L.S.: I’d say the writing process is usually guided by intuition, but it becomes a little more meticulous when we’re trying to be critical of song structure and put the finishing touches on things. I’ve worked on creating music in a variety of mental states, intoxicated or otherwise. Honestly, I’m probably the most creative and productive working clear-headed in the early morning. It seems to be when I’m the most open to inspiration. When playing together, each member has their own means of finding that optimal mental state. It’s a pretty fluid process. Sometimes states of intoxication work, other times…
When creativity starts flowing, do you feel that you are in charge of the songwriting process or that you’re at some higher power’s mercy, dependent on something greater than yourself?
L.S.: I think I’m hardly ever in control of the creative process. It’s rare for me to sit down with the intention of coming up with something and it actually ends up being good. In that sense, it does seem like I’m dependent on some sort of outside force to influence my creativity. That outside force is usually just listening to other music or bands that ignite that excitement to create. I don’t believe in a higher power, but I do believe human consciousness is like an aperture, dilating and constricting based on external stimulus. The mind has to be fed in order to open up to that creative process.
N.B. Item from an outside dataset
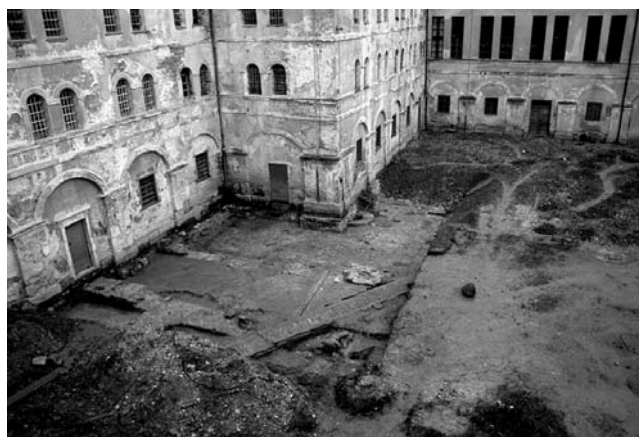
Lepoglava, samostan Blažene Djevice Marije. Pogled sa sjeveroistoka na kasnorednjovjekovni klaustar.

Brojnim novovjekovnim i suvremenim građevinskim intervencijama nepovratno su uništeni ključni podatci bez kojih pravilno razumijevanje i rekonstruiranje srednjovjekovnoga lepoglavskog samostanskog sklopa nikada ne će biti potpuno.

What were the most crucial decision and the most important moment in the career of Predatory Light thus far?
L.S.: The most crucial decision has been to make and release a new record after six years. We’ve renewed our commitment to creating this music and there’s a lot of work to do going forward.
If our rotten genesis, to quote a sentiment from one of your older interviews, implies us arising from the viscous murk of the void only to be eventually fostered in a gaping chthonic womb, does that notion renders our entire conscious existence completely futile and meaningless? Does it make any sense to go through life feeling potent, confident, hopeful, or just plain good about the physical existence, given its origin and ultimate destination?
L.S.: Another old reference to emergence mythology and the idea of humanity being fostered in darkness, only to rise from these depths to the current state of existence. Rotten Genesis describes the creation of life from death, stemming somewhat from the ancient Indo-European tales of gods sacrificed and dismembered in order to build the cosmos. I don’t think any of this renders existence futile or meaningless, it presents cycles of death and regeneration. We go into darkness and emerge from it anew. However, Death And The Twilight Hours is far less hopeful, expressing spiritual judgment and damnation. Humanity brought into darkness with no hope of renewal.